É por meio do que é falho que há a atualização dos “grandes contos brasileiros”, há a manifestação da possibilidade do vocábulo “contos” não representar somente a ficção, mas também, a realidade social do país. O sentido construído por meio da imagem se dá pela noção de formação discursiva, pois o sentido não está explícito nas palavras impressas na capa do livro que constitui uma significativa parte da imagem, muito menos na falsa objetividade de que o garoto não pode ler o livro que se encontra em suas mãos. Deste modo, “a formação discursiva se define como aquilo que numa formação ideológica dada – ou seja, a partir de uma posição dada em uma conjuntura sócio-histórica dada - determina o que pode e deve ser dito.” (ORLANDI, 2007a, p. 43).

Ainda em relação ao vocábulo “brasileiros”, é relevante considerarmos as análises de Dias em relação ao vocábulo “brasileiro”, pois há uma modalização,

a palavra ‘brasileiro’ só pode ser pensada em relação à modalização, que imprime uma relação tensa entre a generalização (brasileiro = aquele que nasce no Brasil) e a limitação (brasileiro = aquele que satisfaz a um critério de verdade, de realidade). (DIAS, 1993, p. 87).

No caso de nossa sequência discursiva, trata-se de uma relevante indicação na capa do livro de contos, pois revela a opacidade dos contos que se relacionam à realidade, ou seja, uma tensão entre o garoto e os contos que é representada pelo fato do menino não saber ler.
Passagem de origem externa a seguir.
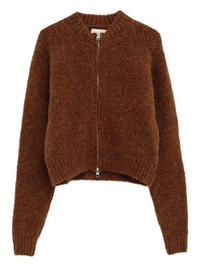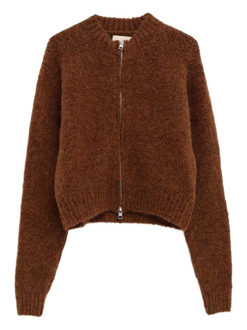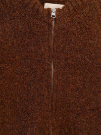 Hasta Luego zip-up cardigan Highlights - Brown - Hairy texture - Rib-knit trim - Zip closure - Text on the back Imported Composition Wool 36%, Other Materials 35%, Alpaca 15%, Polyamide 13%, Lycra 1% Washing instructions Read Manufacturer Guidelines
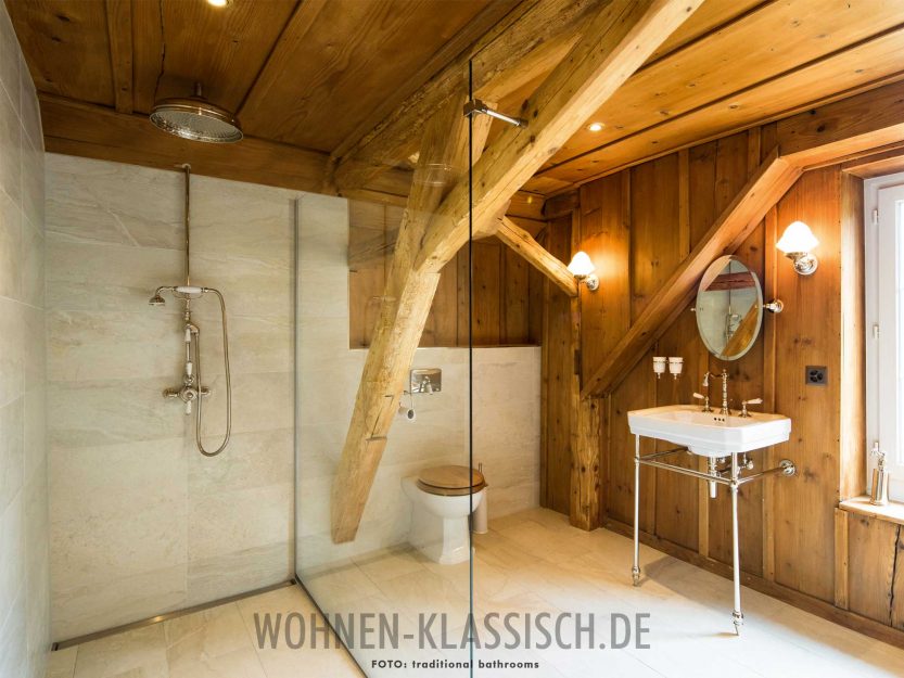 In diesem rustikalen Gebälkambiente sorgen traditionelle Badelemente von Traditional Bathrooms wie das Waschbecken „Bristol“ mit stehender Metallkonsole für eleganten Glanz. Für ausgedehntes Duschvergnügen wurde eine XXL-Kopfbrause mit einer geräumigen bodenebenen Duschfläche kombiniert.

A inscrição “brasileiros” representa, justamente, os sujeitos que pertencem ao “critério de verdade, de realidade”, são os brasileiros estigmatizados, privados do ato de ler, privados da educação libertadora. É como se os contos ignorassem o garoto, um leitor em potencial.

Conforme tais postulados, há a desestabilização do sentido representado pela imagem e que é construído por meio da estabilização de sentidos no imaginário dos sujeitos. O que ocorre

é o rompimento com o estável, pois os baixos níveis de escolaridade ainda existentes no Brasil e que, por sua vez, atravessam a realidade de crianças e, consequentemente, de jovens e de adultos, constitui a representação dos “grandes contos brasileiros”. Assim, a ruptura com o estável denega o sentido único estabelecido pela ficção literária e posteriores publicações de obras literárias ficcionais que muitas vezes estão publicadas e não podem ser lidas, mas passa a constituir uma realidade que perpassa a ficção e que a atualiza, ou seja, é o diálogo entre o ficcional e o real que passa a constituir os “grandes contos brasileiros” e inscreve a imagem na formação discursiva da exclusão.